*** Opening of Supplied records ***

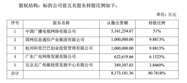 此次参与组建中国广电的公司有47家。其中,阿里巴巴和国网信息通信产业集团(由国家电网全资控股)各出资100亿元,持股比例9.8813%,并列为中国广电第二大股东。第四、第五大股东为广东广电网络和北广传媒。
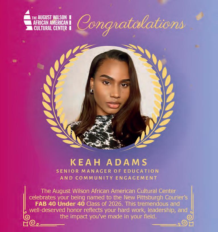 UPMC is proud to support the New Pittsburgh Courier and the Fab 40 Under 40 Awards. We extend our warmest congratulations to all of this year’s honorees — including our very own Dante’ Josey and Christina Kenney. Your leadership, dedication, and impact in the community inspire us all.
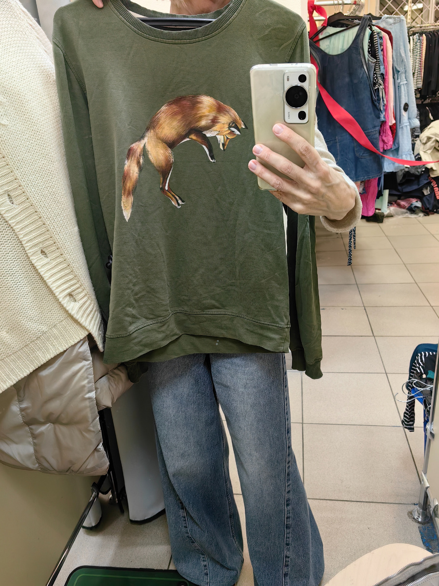 Добрый день, меня зовут Тоня и сегодня я забежала на последнюю скидку в этом цикле продаж - всё по 100 рублей. Посмотрим, что осталось и что можно выбрать из предложенного. Конечно, все мы понимаем, что это остатки, все самое лучшее и интересное уже давно купили, но мы, вооружившись надеждой и хорошим настроением, все же пройдем по магазину. Спойлер - я даже совершила покупку. 😁 Итак, начинаем. Свитшот из хлопка с лисичкой, в идеальном состоянии, кто носит такие вещи, будет рад, думаю. Милый, цвет и принт симпатичные. Премиленькое пушистое болеро цвета фуксии с ангорой в составе. Блуза из вискозы от дорогого немецкого бренда Luisa Cerano. Пятно на самом видном месте, в остальном в хорошем состоянии. Знаю, что некоторые не боятся брать такие вещи на максимальной скидке, пробуют вывести пятно. В принципе, сейчас есть очень хорошие пятновыводители, почему нет. Это точно оригинал, мне она понравилась - интересная фактура, широкие рукава 3\4 всегда комплиментарно смотрятся. Этот
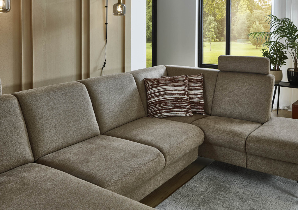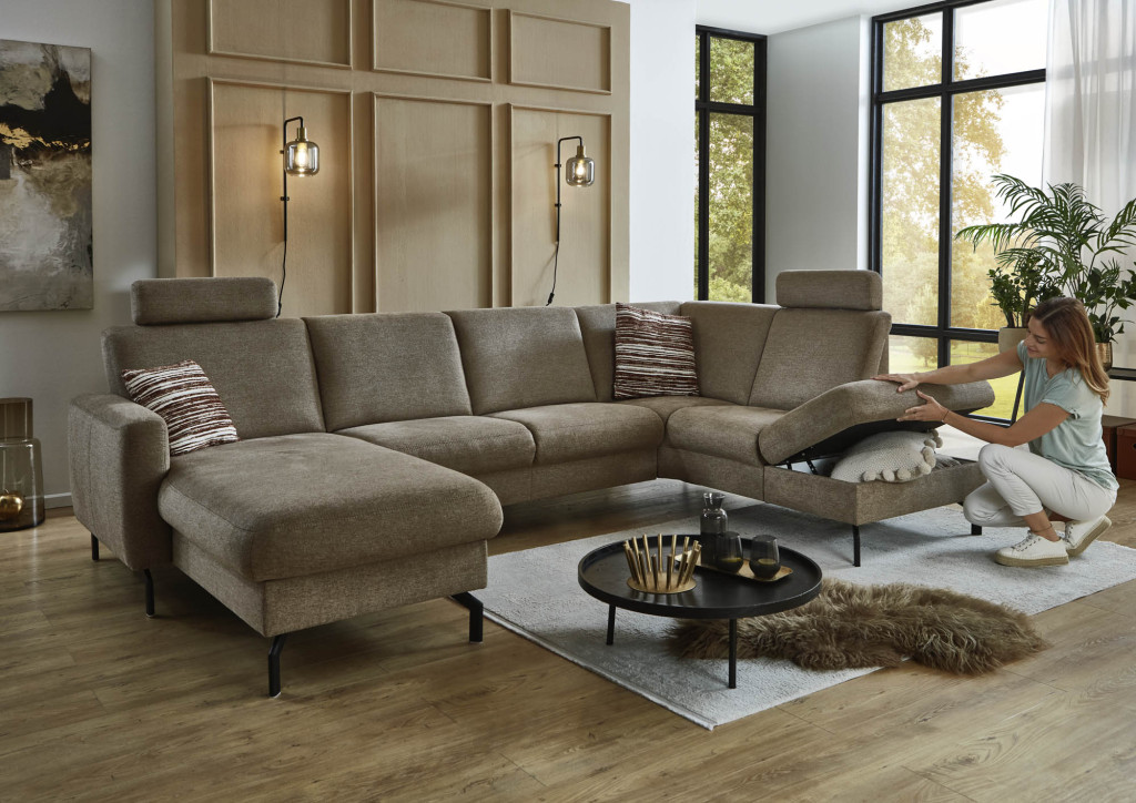 Erleben Sie höchsten Sitzkomfort mit der eleganten Polstergarnitur. Der hochwertige Stoff in der Farbvariante Mandel verleiht Ihrem Wohnraum eine warme, zeitlose Ausstrahlung. Die sorgfältig gearbeitete Doppelsteppnaht ohne Kontrast sorgt für ein harmonisches Gesamtbild, während der Kaltschaum-Sitz optimalen Komfort und Langlebigkeit garantiert. Schwarze Metallfüße setzen moderne Akzente und verleihen der Garnitur eine filigrane Leichtigkeit. Mit ihrer großzügigen Ecklösung und dem unechten Rücken bietet die perfekte Kombination aus Stil, Qualität und Funktionalität – ein Möbelstück, das zum Entspannen und Verweilen einlädt.
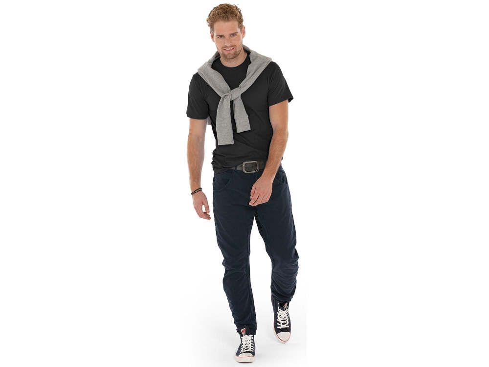 Мужская футболка сшита из натурального хлопка без боковых швов. Отлично подходит для нанесения рекламной информации. Возможна вышивка или трафаретная печать. Натуральный материал не вызывает раздражения кожи.
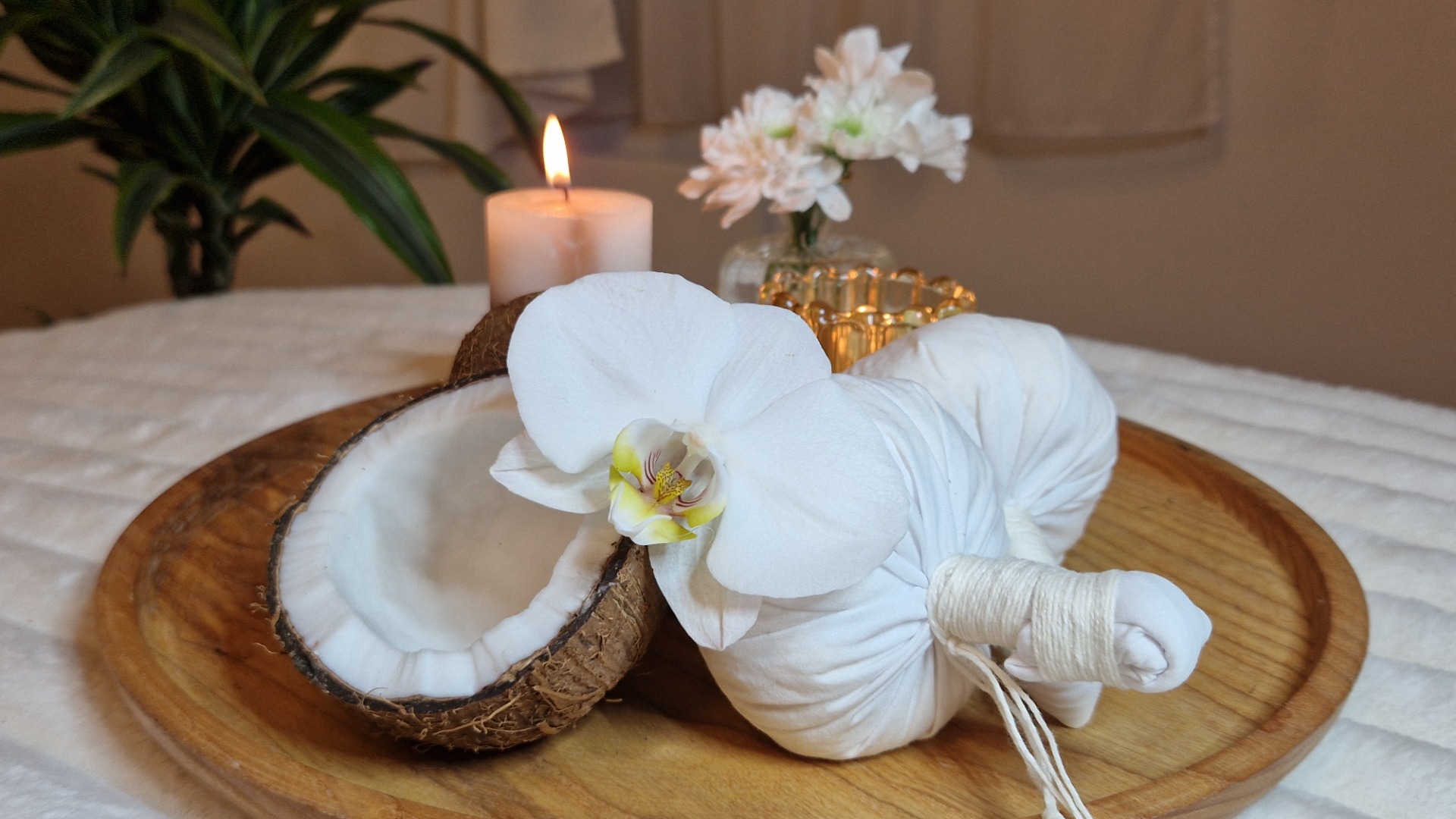 Luxusní masáž teplými kokosovými měšci s liftingovým zábalem
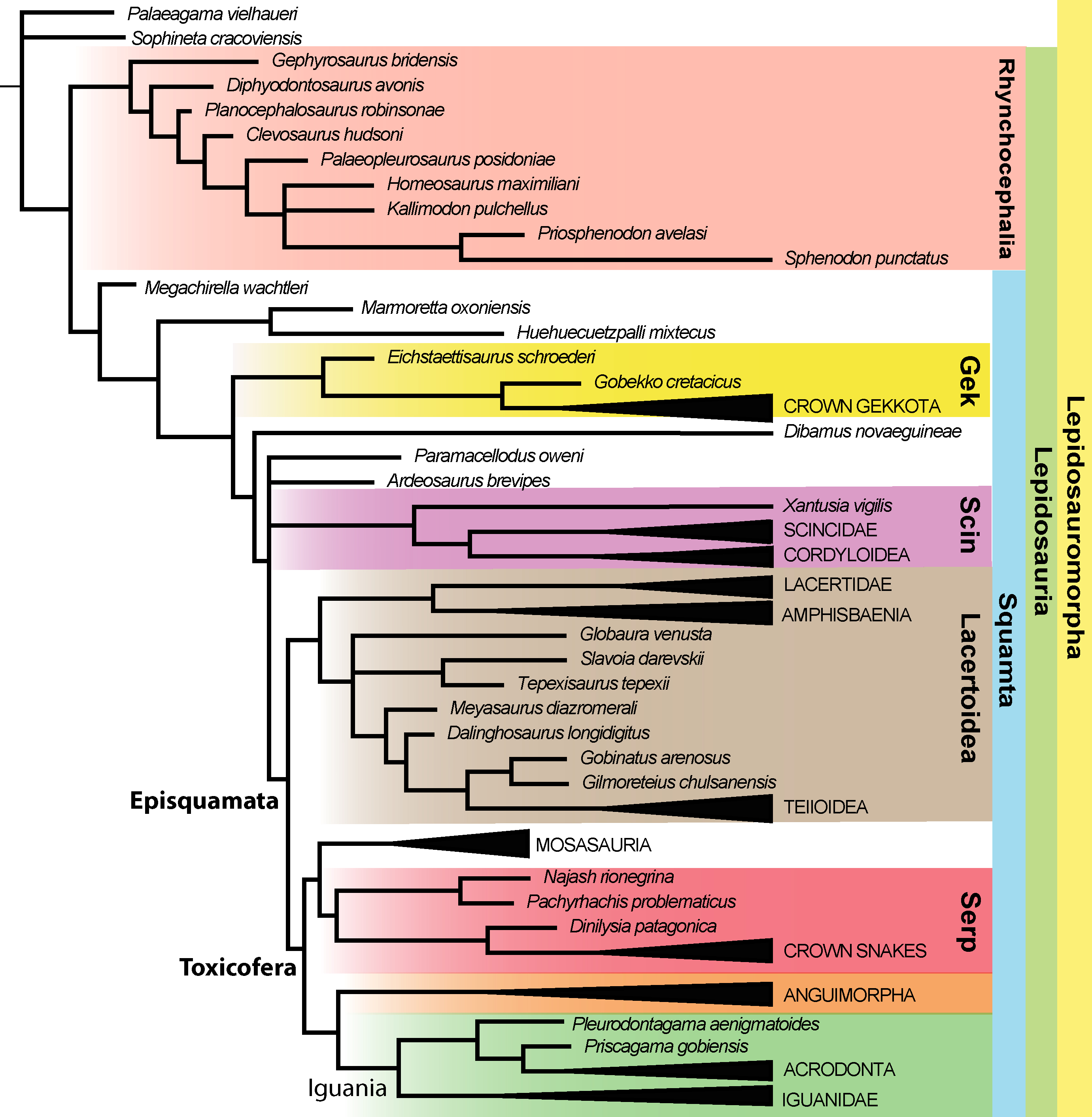 Simões, T. R. & Pyron, R. A. 2021. The Squamate Tree of Life. Bulletin of the Museum of Comparative Zoology, 163(2), 47-95. DOI: 10.3099/0027-4100-163.2.47
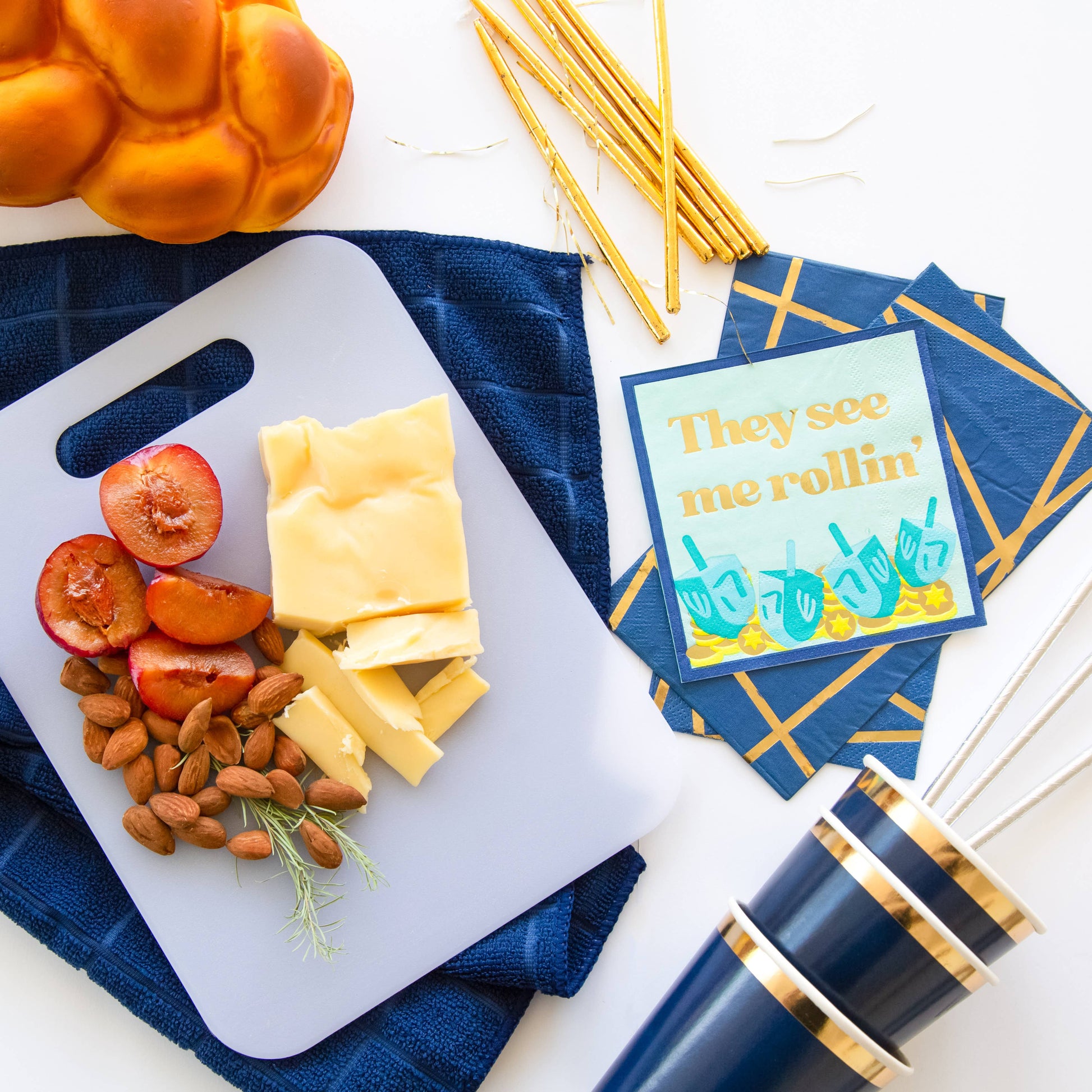 A part of the Jollity & Co Happy Challah-Days Collection, these cocktail napkins are decorated with dreidels rollin' Use them for Bar Mitzvah, birthdays, weddings, and more.
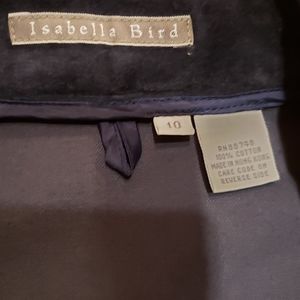Isabella Bird dark blue 100% cotton velveteen button front jacket EUC
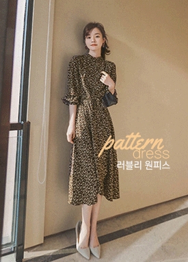 [당일 발송] 하이넥 플라워 패턴 플레어 원피스+허리끈 세트
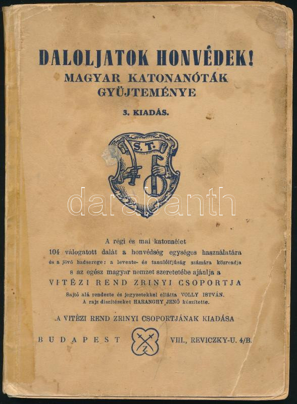 Description: Daloljatok honvédek! Magyar katonanóták gyüjteménye. 104 katonadal. Sajtó alá rendezte és jegyzetekkel ellátta Volly István. A rajzokat Haranghy Jenő készítette. Bp., 1940, Vitézi Rend Zrínyi Csoportja, 119 p. 3 kiadás. Kiadói papírkötés, kissé kopott, ragasztott borítóval
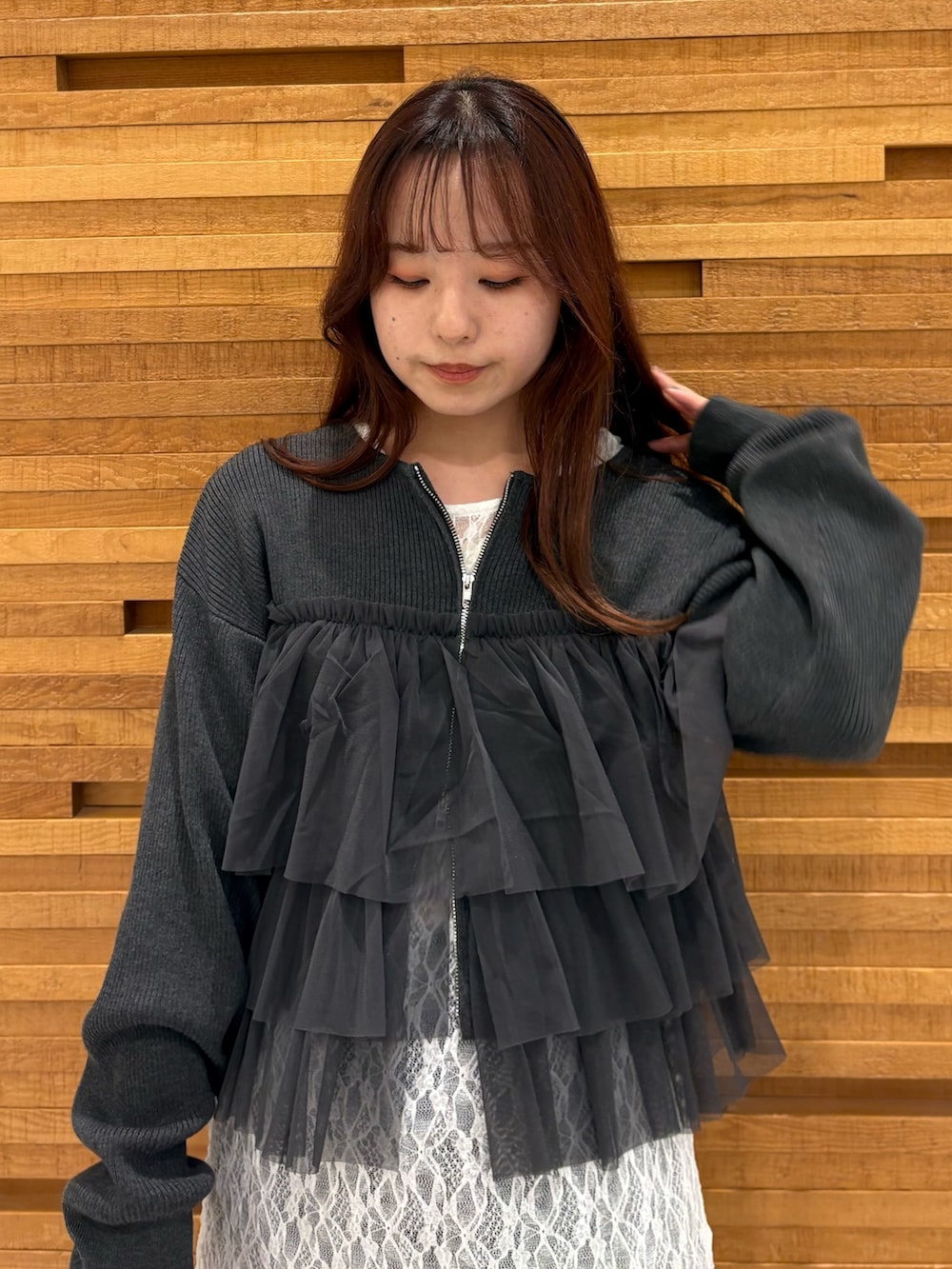 SENSE OF PLACEダブルジップフリルニットカーデ
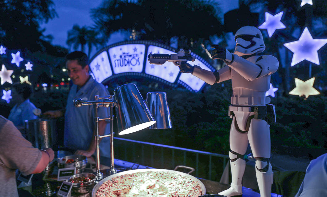 Included in the cost is an open dessert and limited drinks buffet. The sweets range from Mickey bars, Mickey ice cream sandwiches, and the other standard Disney park treats, to more elaborate Star Wars-themed desserts.
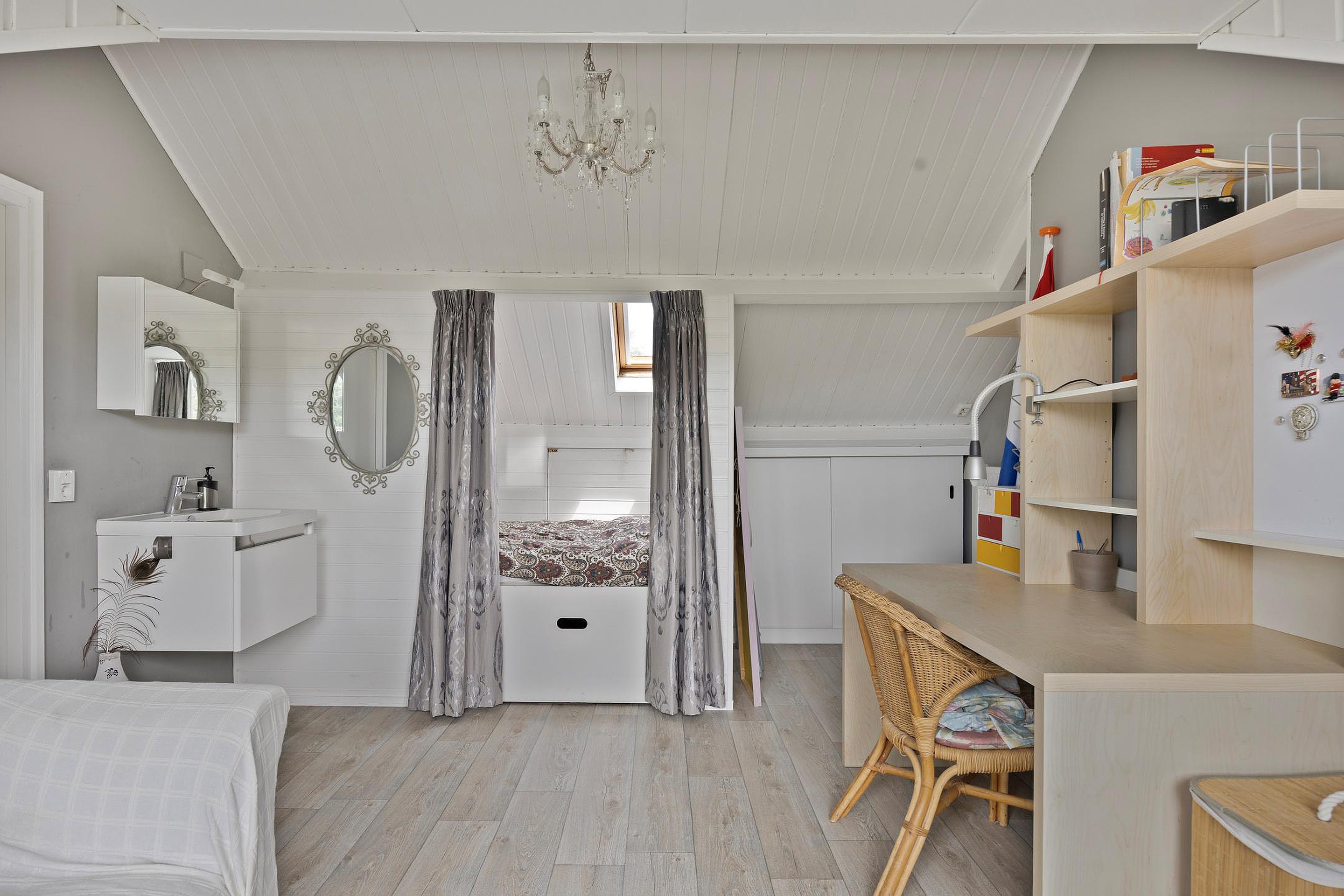 Gezellige slaapkamer met bedstee. Door de aanwezige dakkapel is de kamer extra groot van formaat en maakt de kamer extra fijn. Een perfecte kinder-/tienerkamer met eigen badkamermeubel. Extra berging treffen we achter de knieschotten.
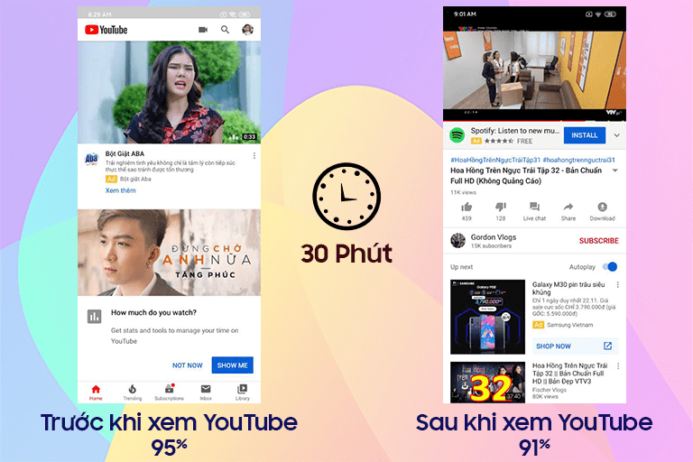 Trải nghiệm xem youtube trên Mi CC9 Pro trong 30 phút, độ sáng 50%, âm lượng 40%, pin tụt 4%
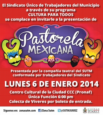 Con el fin de promover y fomentar actividades culturales entre los sindicalizados municipales, el Sindicato Unico de Trabajadores del Municipio invita a la comunidad en general a la presentación de la obra de teatro “Pastorela Mexicana”, donde se trataran ademas de la clásica historia decembrina, temas sobre los valores más auténticos de la cultura nacional.

*** Close of Supplied records ***

Leave the pictures out and reproduce exactly the lines from the top of the listing above through the line with "Добрый день, меня".

 此次参与组建中国广电的公司有47家。其中,阿里巴巴和国网信息通信产业集团(由国家电网全资控股)各出资100亿元,持股比例9.8813%,并列为中国广电第二大股东。第四、第五大股东为广东广电网络和北广传媒。
 UPMC is proud to support the New Pittsburgh Courier and the Fab 40 Under 40 Awards. We extend our warmest congratulations to all of this year’s honorees — including our very own Dante’ Josey and Christina Kenney. Your leadership, dedication, and impact in the community inspire us all.
 Добрый день, меня зовут Тоня и сегодня я забежала на последнюю скидку в этом цикле продаж - всё по 100 рублей. Посмотрим, что осталось и что можно выбрать из предложенного. Конечно, все мы понимаем, что это остатки, все самое лучшее и интересное уже давно купили, но мы, вооружившись надеждой и хорошим настроением, все же пройдем по магазину. Спойлер - я даже совершила покупку. 😁 Итак, начинаем. Свитшот из хлопка с лисичкой, в идеальном состоянии, кто носит такие вещи, будет рад, думаю. Милый, цвет и принт симпатичные. Премиленькое пушистое болеро цвета фуксии с ангорой в составе. Блуза из вискозы от дорогого немецкого бренда Luisa Cerano. Пятно на самом видном месте, в остальном в хорошем состоянии. Знаю, что некоторые не боятся брать такие вещи на максимальной скидке, пробуют вывести пятно. В принципе, сейчас есть очень хорошие пятновыводители, почему нет. Это точно оригинал, мне она понравилась - интересная фактура, широкие рукава 3\4 всегда комплиментарно смотрятся. Этот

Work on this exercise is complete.